We are very happy that our rebuttal provides enough information for addressing your concerns. It would be very appreciated if you could increase your rating if our rebuttal has addressed your concerns. Thank you very much for your efforts in reviewing our paper.
This paper proposes an AdaptiveInterval Color Transformation method (AICT) for high-resolution image harmonization, which predicts pixel-wise color transformation and adaptively adjusts the sampling interval to model local non-linearities of the color transformation at high resolution.
优点
- The paper is overall well-written and easy to understand.

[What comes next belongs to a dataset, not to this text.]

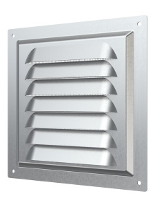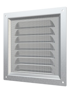 Вентиляционная решетка МЦ изготавливается из оцинкованной стали. Имеет наклонные жалюзи и антимоскитную сетку для защиты от насекомых. Сетка устанавливается в специальном углублении.
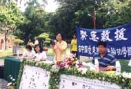 记者会由法轮功研究学会理事长张清溪教授主持,会中除了各大媒体记者到场采访摄影外,高雄市侯副市长、高雄县社会局长程泰运、屏东县民政局副局长许德金、前警政署长暨海巡署长姚高桥、杨秋兴立委、曾长发议员特助张光雄等在莅会致词时,都一致夸赞法轮功(法轮大法)是正法,是好法,法轮功的学员都是好人中的好人,中国如此泯灭人性的迫害凌虐,不但严重违反人权,而且应该受到世人谴责。

- The idea is neat and clean.
- The experimental results look good.
缺点
- The authors should conduct experiments using the training/test set of HAdobe5k which focuses on high-resolution, and report the results under different resolutions (1024, 2048, etc). More baselines should be compared in this setting.
- The authors should test on high-resolution real composite images and conduct user study.
- The authors are suggested to evaluate the method on ccHarmony dataset, which can reflect the illumination variation more faithfully.
- The authors should discuss the limitation of the proposed method and show some failure cases.
- More efficiency analyses (FLOPs, memory, time) should be provided.
问题
Please address the questions in "Weakness".
局限性
See the "Weakness".
Thanks for your positive evaluation and valuable suggestions.
Q1: The authors should conduct experiments using the training/test set of HAdobe5k which focuses on high-resolution, and report the results under different resolutions (1024, 2048, etc). More baselines should be compared in this setting.
A1: Thanks for this suggestion. We have reported the results under the resolutions 1024x1024 and 2048x2048 using the training/test set of HAdobe5k in Tables 2 and 7 of the submitted manuscript. Following this suggestion, we present comparison with two additional baselines: AdaInt [1] and SepLUT [2]. As shown in the tables below, our method outperforms AdaInt and SepLUT in terms of all metrics.
| Image Size | Method | fMSE↓ | MSE↓ | PSNR↑ | SSIM↑ |
|---|---|---|---|---|---|
| 1024 x 1024 | AdaInt | 235.86 | 31.75 | 37.80 | 0.9837 |
| SepLUT | 224.98 | 27.41 | 37.75 | 0.9826 | |
| Our AICT | 156.81 | 19.50 | 39.67 | 0.9863 |
| Image Size | Method | fMSE↓ | MSE↓ | PSNR↑ | SSIM↑ |
|---|---|---|---|---|---|
| 2048 x 2048 | AdaInt | 221.90 | 31.09 | 38.10 | 0.9846 |
| SepLUT | 216.14 | 27.02 | 37.97 | 0.9834 | |
| Our AICT | 147.99 | 17.92 | 40.07 | 0.9871 |
[1] Yang, Canqian, et al. AdaInt: Learning adaptive intervals for 3D lookup tables on real-time image enhancement. CVPR 2022.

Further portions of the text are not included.